3. Trends vs. Data Points
Back to where I started this post, I have really good kids. But even really good kids have bad days. Fortunately, our kids’ teachers don’t judge or respond to our kids based on a single bad day. Rather, we get notes home weekly about our kids’ progress, academically, socially, emotionally. We get quarterly report cards summarizing all this information, and teacher conferences to discuss trends in the data.
Do we have similar processes in place by which we can connect the dots on our employees’ individual experiences? With the day-to-day busyness in the workplace, it’s easy to react, and much harder to step back and see the forest for the trees.
How do we ensure that we’re comprehensive in understanding trends in each of our employee’s experiences and prioritize those that should have our focus?
4. Multiple Perspectives
Building upon the prior lesson, multiple perspectives are critical. In instances where we get a bad report for our kids, we don’t just take the teacher’s word and react (though certainly, this word carries weight!), we ask our son for his perspective, and when they are available, we look at external documentation as well, things like assignments, test grades, etc.

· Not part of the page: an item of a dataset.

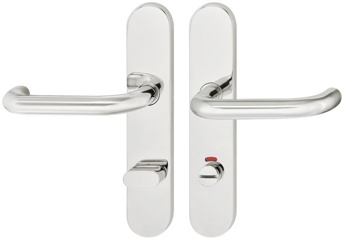 Набір дверних ручок, нержавіюча сталь, Hafele Startec, модель LDH 2170| подовжена накладка, комплект туалету, полірована, для дверей товщиною: 38-42 мм, (903.93.241)

On a business transactional level, do you have mechanisms that take into account not just VoC, but also VoE and quality assurance or performance standards data? If not, this is something to consider, not just for the holistic view, but for purposes again of the human factor, of building trust by engaging in mutual understanding and betterment of situations for both customers AND employees.
What efforts are we putting forth to build trust with our employees?
The Final Word: Business Is People
I’ve been a practitioner of both CX and EX for nearly two decades. And in that time, there have been countless business challenges I’ve encountered. Getting it right for both customers and employees will never be easy. But when I find myself struggling with a decision or the right next action, I quickly realize that I’m over-complicating things; I’m looking at the business issue, rather than the customer or employee involved in the issue. Ultimately, each and every one of these “business issues” is grounded in “people-issues.”
For some reason, my ability to see the forest for the trees when dealing with people issues comes more naturally to me as a parent than as an employer, hence the parallels I’ve drawn in the stories I’ve shared above.
Perhaps it’s due to that higher-level expectation for adults to be logical, professional and certainly NOT emotional in the workplace? If indeed this is the case, having the right skills and tools with which to truly understand employee experience is that much more critical.